Z akt brytyjskich służb policyjnych i śledczych mogły wręcz przysłowiowo „wyparować” dane komputerowe odnoszące się do konkretnych śledztw oraz przestępstw. Obecnie służby mają starać się odtworzyć utracone dane i zapewniają, że będzie to możliwe. Jednak, dla brytyjskiego ministerstwa spraw wewnętrznych, policji i innych organów zajmujących się bezpieczeństwem wewnętrznym nastał trudny okres. Pytaniem otwartym pozostaje na ile utrata, chwilowa(?), danych może praktycznie przełożyć się na kwestię działania przestępców i prowadzenia śledztw.

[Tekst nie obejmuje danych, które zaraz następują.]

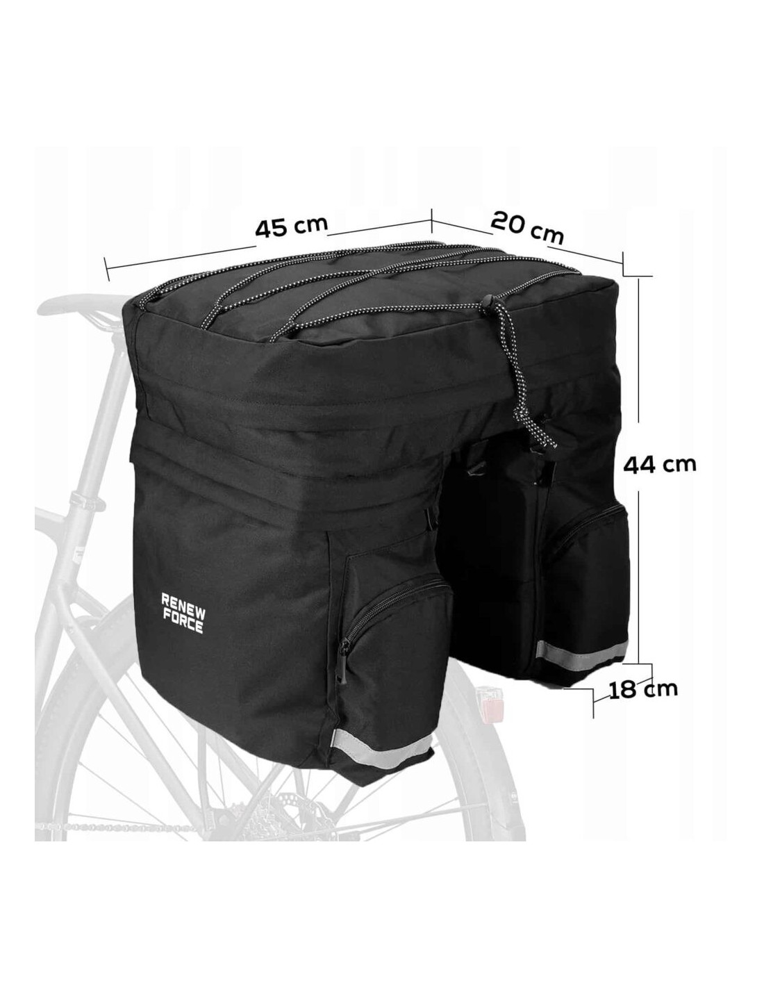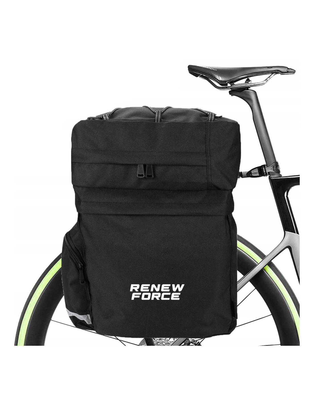 Geanta pentru biciclete Renew Force?a fost conceputa pentru a raspunde cerin?elor ciclist.?Pentru?a cre?te siguran?a conducerii?, ? special noaptea ?i ? condi?iile meteorologice dificile, geanta este echipata cu?elemente reflectorizante??i c?lige care permis instalarea reflectoarelor ?i luminilor.?Totul este?confectionat din material impermeabil?care va proteja elementele din interior in timpul ploii.?Accesul commod la compartiment ?i buzunare este asigurat de?fermoare?, iar plasa de cauciuc reglabila de pe clapa gen?ii ofera?spa?iu suplimentar?pentru ata?area unei sticle de apa, jachete ?i multe alte lucruri.
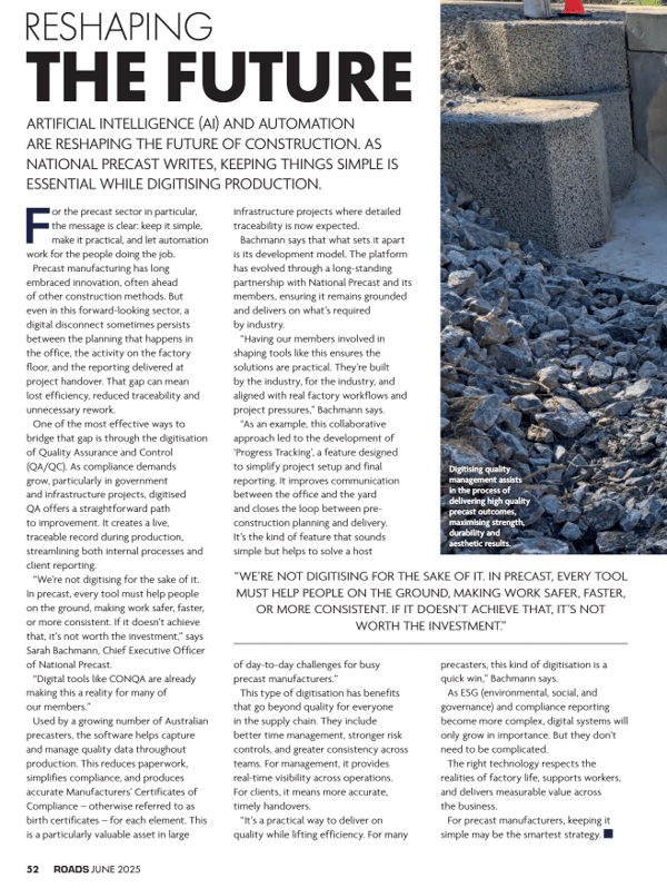 “We’re not digitising for the sake of it. In precast, every tool must help people on the ground, making work safer, faster, or more consistent. If it doesn’t achieve that, it’s not worth the investment,” says Sarah Bachmann, CEO of National Precast.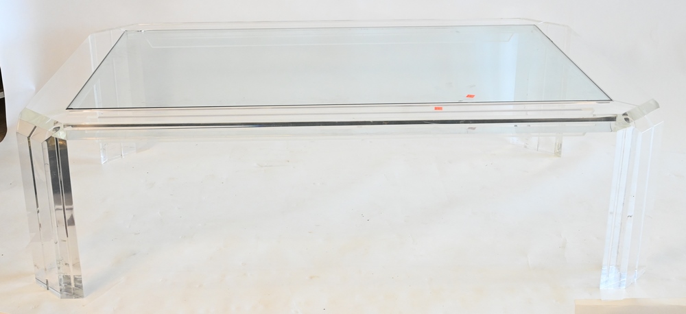 Lucite Glass Coffee Table, rectangle having inset glass with lucite base possibly Karl Springer, chipped glass, height 16 inches, top 36″ x 54″. Provenance: From a private New York City collection.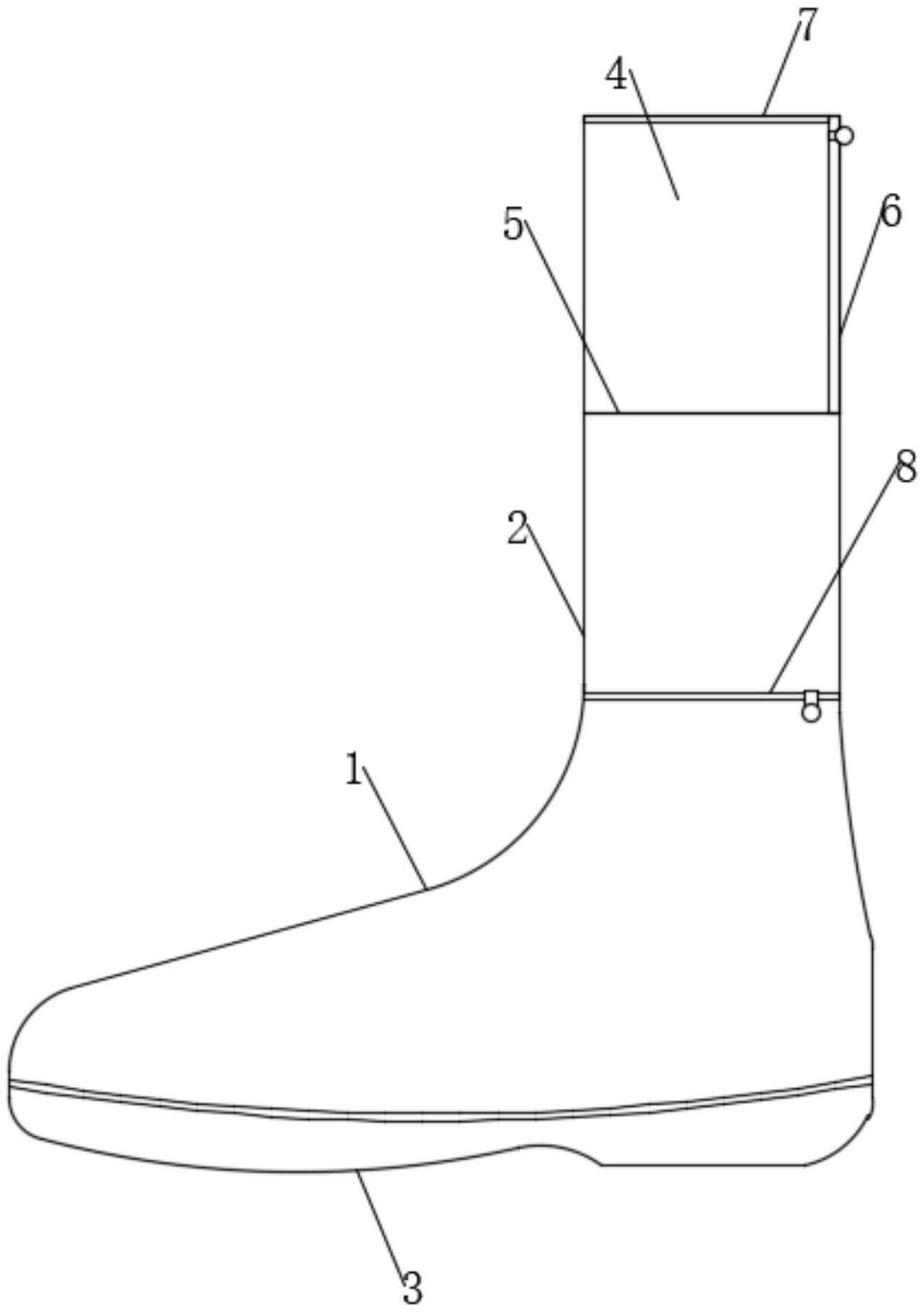 本实用新型公开了一种牛皮革制面带有活动折角的工作靴,属于工作靴领域,包括鞋体、一体连接在鞋体顶部的鞋筒以及一体连接在鞋体底部的鞋底,所述鞋筒的顶部连接有可翻折的活动折角,所述鞋筒与活动折角之间设有翻折线,所述活动折角的一侧设有用于闭合活动折角的第一拉链,所述活动折角上端的边沿处设有第二拉链,所述鞋筒表面位于翻折线的下方设有与第二拉链相适配的第三拉链;通过活动折角、翻折线、第一拉链、第二拉链和第三拉链的设置,可同时兼具长筒和短筒的优势,在长筒和短筒之间自由切换,避免选择困难,更好的满足使用需求。

W wyniku błędu w obsłudze systemu komputerowego z wirtualnych akt brytyjskich służb porządkowych mogły zniknąć dane odnoszące się do lekko ponad 15 tys. osób. Samo ministerstwo spraw wewnętrznych potwierdziło wskazane problemy z wirtualnymi archiwami, ale wskazuje, że trwają prace nad przywróceniem dostępu do utraconych danych.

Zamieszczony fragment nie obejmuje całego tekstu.